Should be realized that embodiment described herein (comprising method 200) can be used in the various environment.What for example, will be appreciated that is that embodiment described herein can use with various middleware layouts, host-host protocol and physical network agreement.Can also use not IP-based network.

Disclosing of specific embodiment of the present invention only is provided in above description and it is not intended to be used to being limited to identical with it purpose.Equally, the present invention is not limited in embodiment described above.But what will recognize is that those skilled in the art can conceive the alternate embodiment that falls in the scope of the invention.

Claims

1. method that is used for the recovery of system, described system comprise operate with server and the corresponding redundant server client of communicating by letter, described method comprises:

Adjust adaptively at least one the timing parameter for detection of the process of server failure;

Detect described fault based on described at least one timing parameter of adjusting adaptively; And

Switch to redundant server.

2. method according to claim 1, wherein said at least one timing parameter is maximum reattempt times.

3. method according to claim 1, wherein said at least one timing parameter comprises response timer.

4. method according to claim 1, wherein said at least one timing parameter comprise the time period between the transmission of keep-alive message.

5. method according to claim 1 wherein switches to described redundant server and comprises and switch to the redundant server of keeping with the pre-configured session of client.
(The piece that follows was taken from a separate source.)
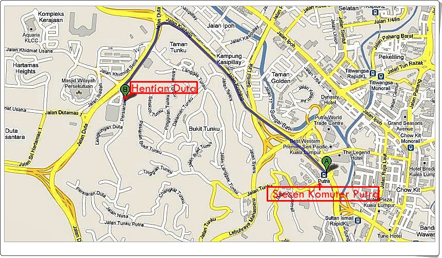 Kalau berkenderaan sendiri, mudah untuk sampai – melalui Bulatan Segambut masuk Jalan Duta . Jarak sepelaungan , kata klasiknya.
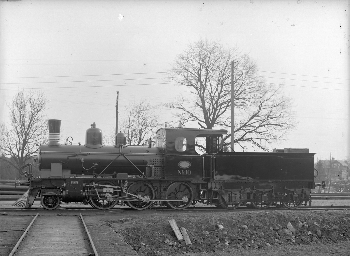 FFJ lok 10. Ånglok på vändskiva. Leveransfoto. Loket tillverkades av Nohab, tillverkningsnummer 910. Loket levererades till Danmark.

6. system that is used for the recovery of network, described network comprise operate with server and the corresponding redundant server client of communicating by letter, described system comprises:

Control module is used for adjusting adaptively at least one the timing parameter for detection of the process of server failure, detects described fault based on described at least one timing parameter of adjusting adaptively, and client is switched to redundant server.
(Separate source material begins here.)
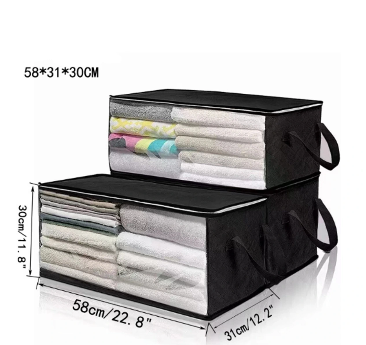 Produsul măsoară 50 cm x 31 cm x 30 cm. Geanta de garderobă pentru pături haine lenjerie organizator robust este ușor de depozitat, pur și simplu pliați-o și depozitați-o în dulap.

7. system according to claim 6, wherein said at least one timing parameter is maximum reattempt times.

8. system according to claim 6, wherein said at least one timing parameter comprises response timer.

9. system according to claim 6, wherein said at least one timing parameter comprise the time period between the transmission of keep-alive message.

10. system according to claim 6, wherein said redundant server is just carrying out the pre-configured session with described client.